What you need to do:
Look through the data below and extract, unchanged, the lines from the one that contains "英寸的酷炫组合数字空间,其中一些用作驾驶员的仪表盘,而其余的则投射 CUE 信息娱乐系统,科技感十足。" to the one that contains "한편 재단법인 한국세무사회공익재단은", both included.

Data:
BEGIN

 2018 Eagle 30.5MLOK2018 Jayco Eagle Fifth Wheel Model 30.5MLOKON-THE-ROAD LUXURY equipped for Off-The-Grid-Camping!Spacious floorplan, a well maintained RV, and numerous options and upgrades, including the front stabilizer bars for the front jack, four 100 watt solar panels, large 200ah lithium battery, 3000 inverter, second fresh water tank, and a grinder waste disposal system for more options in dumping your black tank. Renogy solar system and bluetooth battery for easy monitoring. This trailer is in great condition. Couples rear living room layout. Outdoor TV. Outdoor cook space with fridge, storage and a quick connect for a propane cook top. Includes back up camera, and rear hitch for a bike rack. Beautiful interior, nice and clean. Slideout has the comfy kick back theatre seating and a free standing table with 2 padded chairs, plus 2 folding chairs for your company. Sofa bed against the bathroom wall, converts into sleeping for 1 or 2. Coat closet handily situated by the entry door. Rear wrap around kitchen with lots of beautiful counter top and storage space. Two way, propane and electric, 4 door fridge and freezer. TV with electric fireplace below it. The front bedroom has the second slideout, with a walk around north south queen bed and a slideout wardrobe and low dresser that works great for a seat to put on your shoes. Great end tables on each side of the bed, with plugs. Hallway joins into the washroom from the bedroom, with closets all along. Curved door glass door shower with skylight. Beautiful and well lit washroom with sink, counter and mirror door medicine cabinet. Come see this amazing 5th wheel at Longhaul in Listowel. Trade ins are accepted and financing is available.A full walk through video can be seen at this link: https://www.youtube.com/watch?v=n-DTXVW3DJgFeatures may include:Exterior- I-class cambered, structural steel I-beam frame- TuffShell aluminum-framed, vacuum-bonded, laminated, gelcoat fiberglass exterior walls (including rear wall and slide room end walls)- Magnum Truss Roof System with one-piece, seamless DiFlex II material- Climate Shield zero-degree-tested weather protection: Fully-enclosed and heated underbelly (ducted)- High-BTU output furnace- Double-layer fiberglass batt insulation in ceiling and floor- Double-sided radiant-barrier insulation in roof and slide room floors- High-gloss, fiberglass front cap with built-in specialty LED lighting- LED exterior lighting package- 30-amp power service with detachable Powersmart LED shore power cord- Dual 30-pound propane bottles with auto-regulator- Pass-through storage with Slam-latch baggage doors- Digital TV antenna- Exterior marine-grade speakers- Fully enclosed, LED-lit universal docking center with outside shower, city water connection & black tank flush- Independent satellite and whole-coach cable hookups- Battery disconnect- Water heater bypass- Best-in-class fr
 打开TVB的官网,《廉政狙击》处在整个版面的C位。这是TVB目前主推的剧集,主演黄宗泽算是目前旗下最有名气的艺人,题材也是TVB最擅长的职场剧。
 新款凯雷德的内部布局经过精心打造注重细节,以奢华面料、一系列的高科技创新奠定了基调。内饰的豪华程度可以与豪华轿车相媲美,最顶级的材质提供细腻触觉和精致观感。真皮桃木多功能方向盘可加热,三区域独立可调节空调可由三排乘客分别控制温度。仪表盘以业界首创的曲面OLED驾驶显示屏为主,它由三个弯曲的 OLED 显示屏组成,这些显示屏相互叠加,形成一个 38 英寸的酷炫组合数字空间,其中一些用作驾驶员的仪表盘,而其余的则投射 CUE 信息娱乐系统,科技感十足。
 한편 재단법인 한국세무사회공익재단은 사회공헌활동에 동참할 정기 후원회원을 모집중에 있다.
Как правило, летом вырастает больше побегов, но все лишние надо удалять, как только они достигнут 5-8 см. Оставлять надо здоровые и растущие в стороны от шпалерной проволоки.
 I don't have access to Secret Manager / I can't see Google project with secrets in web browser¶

END
BEGIN

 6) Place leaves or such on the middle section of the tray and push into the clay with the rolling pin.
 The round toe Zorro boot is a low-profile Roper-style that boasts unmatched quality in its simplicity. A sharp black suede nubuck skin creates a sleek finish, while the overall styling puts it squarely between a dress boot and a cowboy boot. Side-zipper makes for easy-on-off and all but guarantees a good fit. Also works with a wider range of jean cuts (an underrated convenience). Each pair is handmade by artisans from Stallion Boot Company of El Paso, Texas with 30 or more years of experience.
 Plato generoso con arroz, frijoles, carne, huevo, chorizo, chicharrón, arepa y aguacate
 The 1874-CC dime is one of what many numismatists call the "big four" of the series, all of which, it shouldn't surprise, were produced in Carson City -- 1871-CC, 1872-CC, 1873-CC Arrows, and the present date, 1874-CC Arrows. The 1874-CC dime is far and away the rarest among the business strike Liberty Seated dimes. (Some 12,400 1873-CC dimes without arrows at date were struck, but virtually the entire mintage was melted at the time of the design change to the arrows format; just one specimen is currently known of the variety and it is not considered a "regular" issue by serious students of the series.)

END
BEGIN

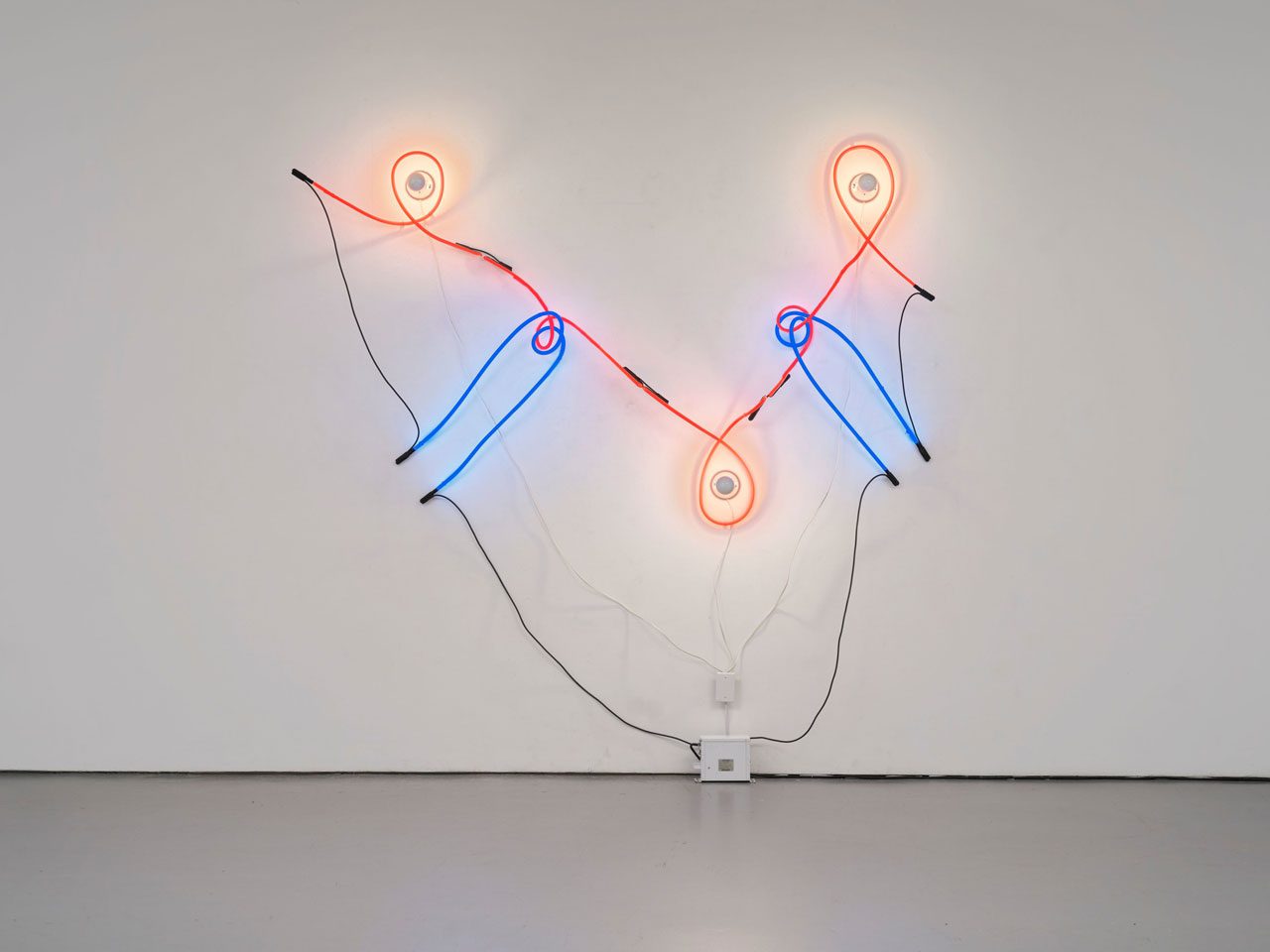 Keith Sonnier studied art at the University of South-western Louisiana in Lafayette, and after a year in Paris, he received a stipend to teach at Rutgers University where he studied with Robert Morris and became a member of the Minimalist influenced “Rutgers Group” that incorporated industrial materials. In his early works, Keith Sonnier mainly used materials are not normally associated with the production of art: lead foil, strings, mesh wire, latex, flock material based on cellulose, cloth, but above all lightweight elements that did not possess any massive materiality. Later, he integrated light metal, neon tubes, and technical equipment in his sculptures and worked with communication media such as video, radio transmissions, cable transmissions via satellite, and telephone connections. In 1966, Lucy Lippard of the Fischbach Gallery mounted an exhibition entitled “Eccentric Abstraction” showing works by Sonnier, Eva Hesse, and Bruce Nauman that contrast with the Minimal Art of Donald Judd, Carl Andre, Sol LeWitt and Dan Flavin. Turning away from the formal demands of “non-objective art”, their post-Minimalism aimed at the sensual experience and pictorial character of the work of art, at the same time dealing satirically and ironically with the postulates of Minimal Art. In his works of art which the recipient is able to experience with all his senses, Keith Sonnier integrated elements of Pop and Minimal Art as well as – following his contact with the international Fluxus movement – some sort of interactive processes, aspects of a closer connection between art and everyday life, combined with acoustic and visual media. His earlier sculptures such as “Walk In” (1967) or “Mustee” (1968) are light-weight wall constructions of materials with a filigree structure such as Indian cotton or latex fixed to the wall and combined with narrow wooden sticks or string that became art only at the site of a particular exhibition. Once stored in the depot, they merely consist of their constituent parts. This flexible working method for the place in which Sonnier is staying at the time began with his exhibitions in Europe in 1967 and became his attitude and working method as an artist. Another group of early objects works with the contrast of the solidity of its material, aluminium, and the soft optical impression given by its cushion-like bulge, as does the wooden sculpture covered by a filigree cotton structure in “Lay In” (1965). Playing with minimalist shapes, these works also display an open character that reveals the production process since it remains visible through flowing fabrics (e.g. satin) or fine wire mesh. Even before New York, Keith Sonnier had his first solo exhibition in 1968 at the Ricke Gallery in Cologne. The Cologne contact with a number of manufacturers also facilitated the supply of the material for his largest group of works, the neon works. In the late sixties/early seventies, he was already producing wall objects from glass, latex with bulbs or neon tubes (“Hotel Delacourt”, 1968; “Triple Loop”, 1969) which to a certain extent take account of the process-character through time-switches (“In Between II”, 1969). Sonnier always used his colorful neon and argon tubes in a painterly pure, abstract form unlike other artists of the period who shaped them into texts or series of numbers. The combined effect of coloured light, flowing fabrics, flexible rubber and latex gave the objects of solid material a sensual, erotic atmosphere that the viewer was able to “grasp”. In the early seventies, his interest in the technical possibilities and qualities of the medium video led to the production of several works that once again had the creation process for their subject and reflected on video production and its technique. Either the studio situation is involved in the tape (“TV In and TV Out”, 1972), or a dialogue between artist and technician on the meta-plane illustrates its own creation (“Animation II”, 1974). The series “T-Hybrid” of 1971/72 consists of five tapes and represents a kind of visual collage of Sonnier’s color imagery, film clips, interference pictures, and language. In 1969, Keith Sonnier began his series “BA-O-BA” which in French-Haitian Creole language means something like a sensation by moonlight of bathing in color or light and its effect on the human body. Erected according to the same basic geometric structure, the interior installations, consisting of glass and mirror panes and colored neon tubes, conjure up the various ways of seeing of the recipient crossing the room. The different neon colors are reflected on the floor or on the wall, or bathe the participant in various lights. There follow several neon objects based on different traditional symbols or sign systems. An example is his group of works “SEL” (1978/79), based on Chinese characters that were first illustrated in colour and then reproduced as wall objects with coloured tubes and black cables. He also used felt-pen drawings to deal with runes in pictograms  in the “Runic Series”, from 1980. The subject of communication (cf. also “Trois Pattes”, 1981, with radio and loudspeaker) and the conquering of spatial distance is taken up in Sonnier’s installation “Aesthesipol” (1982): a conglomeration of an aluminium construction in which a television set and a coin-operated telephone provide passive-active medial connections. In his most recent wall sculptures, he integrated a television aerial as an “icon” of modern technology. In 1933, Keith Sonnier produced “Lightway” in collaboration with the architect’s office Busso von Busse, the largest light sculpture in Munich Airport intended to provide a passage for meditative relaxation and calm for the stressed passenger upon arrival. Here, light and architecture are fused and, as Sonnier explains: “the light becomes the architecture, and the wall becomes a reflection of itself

END

Result of this exercise:
 新款凯雷德的内部布局经过精心打造注重细节,以奢华面料、一系列的高科技创新奠定了基调。内饰的豪华程度可以与豪华轿车相媲美,最顶级的材质提供细腻触觉和精致观感。真皮桃木多功能方向盘可加热,三区域独立可调节空调可由三排乘客分别控制温度。仪表盘以业界首创的曲面OLED驾驶显示屏为主,它由三个弯曲的 OLED 显示屏组成,这些显示屏相互叠加,形成一个 38 英寸的酷炫组合数字空间,其中一些用作驾驶员的仪表盘,而其余的则投射 CUE 信息娱乐系统,科技感十足。
 한편 재단법인 한국세무사회공익재단은 사회공헌활동에 동참할 정기 후원회원을 모집중에 있다.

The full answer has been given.